When deciding which type of unit trust fund to invest in below are the key considerations:
1. Your Risk appetite: In Investment most of the time risk is inevitable but it is good to understand oneself in terms of how much risk they can withstand. Generally, risk is
the probability that the investment you have does not yield the returns that you expected. If you do not want to take much risk then consider in lower risk unit trusts like money market and fixed income funds;
2. Return projections: It is good to go for the investments that offers the very best returns at the measured level of risk. Like Benjamin Graham said the aim of
sherewed investment should be to find opportunities which offer larger returns than the average combined with the adequate safety. The returns projections helps
us determine which particular fund to invest in and which provider to go with;
3. The minimum investments amount: At times some funds we would wish to invest in asks for huge minimum investments which might not be our reach but lately we
have seen a lot of change towards reduction of the initial investments amounts and with small amounts to start one can start the journey;
4. The ease of accessing you cash: Generally, unit trust are very liquid and one can easily access their cash within two to three days. Lately with the adoption of technology the liquidity cycle has even reduced and their instant withdrawals for amounts that can be withdrawn via the mobile application
Given that all the legal structures are generally the same, when deciding which unit trust to go with then the key considerations should be:
1. The historical return the fund has generated one can be able to get this kind of data from the regulators website and also they are published in the national dailies.
2. The reputation of the sponsor and the other service providers. Most of the players in the market are regulated and they include the trustees, the fund managers,
custodians. One need to ensure that they make themselves comfortable with these people.
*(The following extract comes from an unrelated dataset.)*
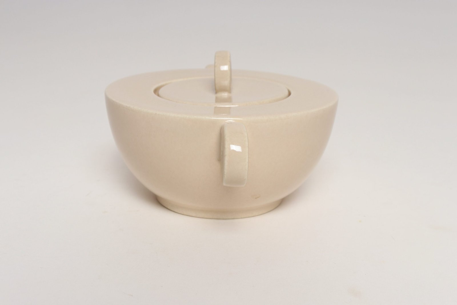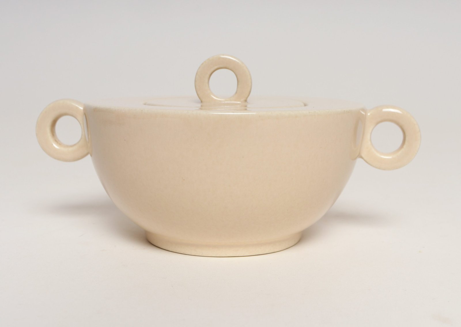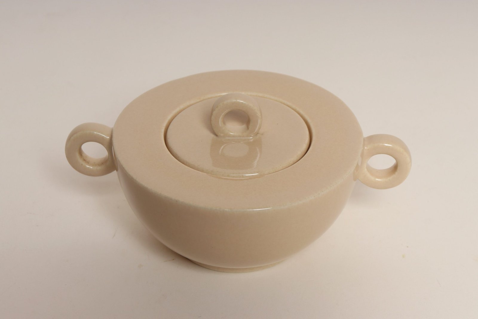 French Art Deco Taupe Ceramic Lidded Sugar Bowl by Jean Luce
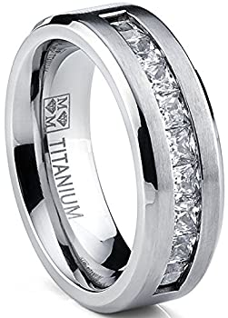 【中古】【輸入品・未使用】(R 1/2) - Ultimate Metals Co. Titanium Men's Wedding Band Engagement Ring with 9 large Princess Cut Cubic Zirconia CZ%カンマ% Comfort Fit%

3. Adoption of technology by the particular fund: Investments and access to ones investment should be hustle free and it is for this reason that one should look how
technologically driven are the funds one is investing in are.
The unit trusts is the easiest and safest way for any investor to start engaging with the capital markets before they can access the other direct investments in the market. The main reason being starting small learning the process as you wait to jump all in.